THE TASK » Transcribe exactly everything in the data below from the line containing "2019年11月1日,纺织服" down to the line containing "- 爪の右側から金のポリッシュを半分くらい重ねる。", both lines included and nothing further.

THE DATA »
-- -- --
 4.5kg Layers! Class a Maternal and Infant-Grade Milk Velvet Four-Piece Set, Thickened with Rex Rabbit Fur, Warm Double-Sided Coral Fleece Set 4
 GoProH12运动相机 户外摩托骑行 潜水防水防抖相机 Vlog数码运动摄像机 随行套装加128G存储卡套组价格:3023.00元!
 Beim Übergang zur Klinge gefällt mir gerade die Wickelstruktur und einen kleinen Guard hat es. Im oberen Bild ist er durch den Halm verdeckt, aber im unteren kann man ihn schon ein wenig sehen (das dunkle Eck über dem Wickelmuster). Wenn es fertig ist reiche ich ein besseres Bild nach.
-- -- --
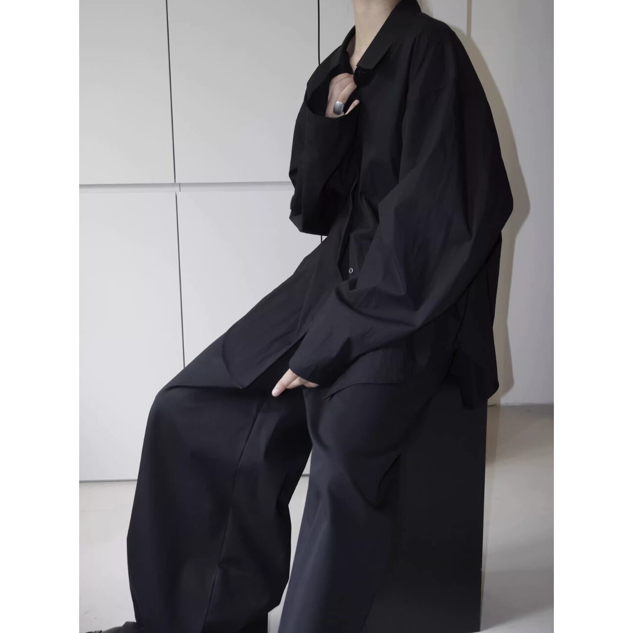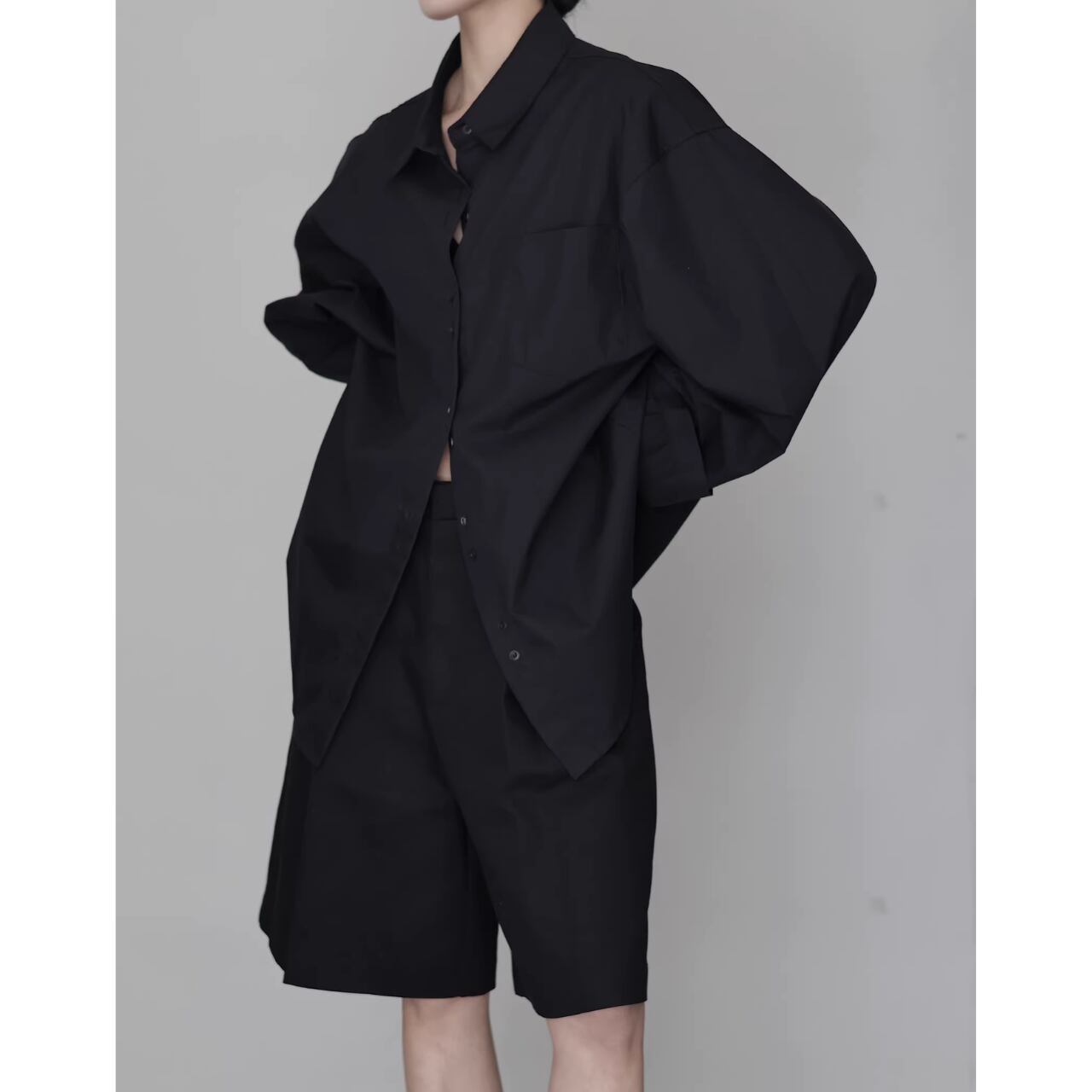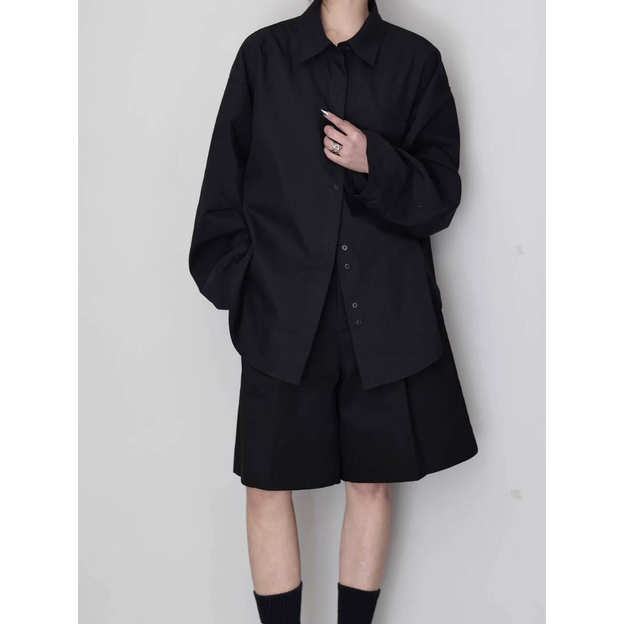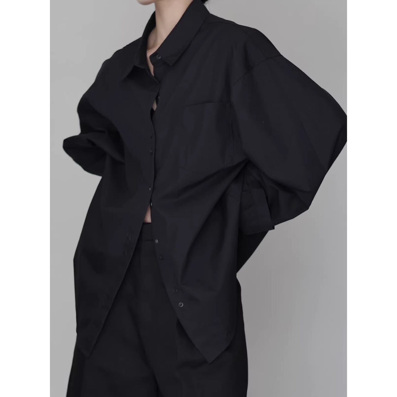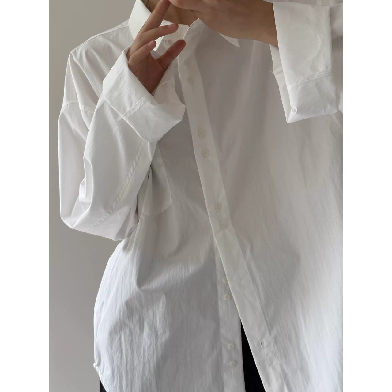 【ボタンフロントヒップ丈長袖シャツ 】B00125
-- -- --
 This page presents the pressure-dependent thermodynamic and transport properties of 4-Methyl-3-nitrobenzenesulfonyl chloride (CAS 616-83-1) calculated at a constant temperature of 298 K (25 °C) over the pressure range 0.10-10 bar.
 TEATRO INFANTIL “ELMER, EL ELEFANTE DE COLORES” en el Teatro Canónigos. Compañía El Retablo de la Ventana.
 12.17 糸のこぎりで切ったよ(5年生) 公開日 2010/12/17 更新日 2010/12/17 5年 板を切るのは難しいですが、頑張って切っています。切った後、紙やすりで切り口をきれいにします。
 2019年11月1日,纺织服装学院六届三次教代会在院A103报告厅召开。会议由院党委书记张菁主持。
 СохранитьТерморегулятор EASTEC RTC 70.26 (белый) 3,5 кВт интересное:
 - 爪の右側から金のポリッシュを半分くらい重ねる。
-- -- --
RESPONSE TO THE TASK »
 2019年11月1日,纺织服装学院六届三次教代会在院A103报告厅召开。会议由院党委书记张菁主持。
 СохранитьТерморегулятор EASTEC RTC 70.26 (белый) 3,5 кВт интересное:
 - 爪の右側から金のポリッシュを半分くらい重ねる。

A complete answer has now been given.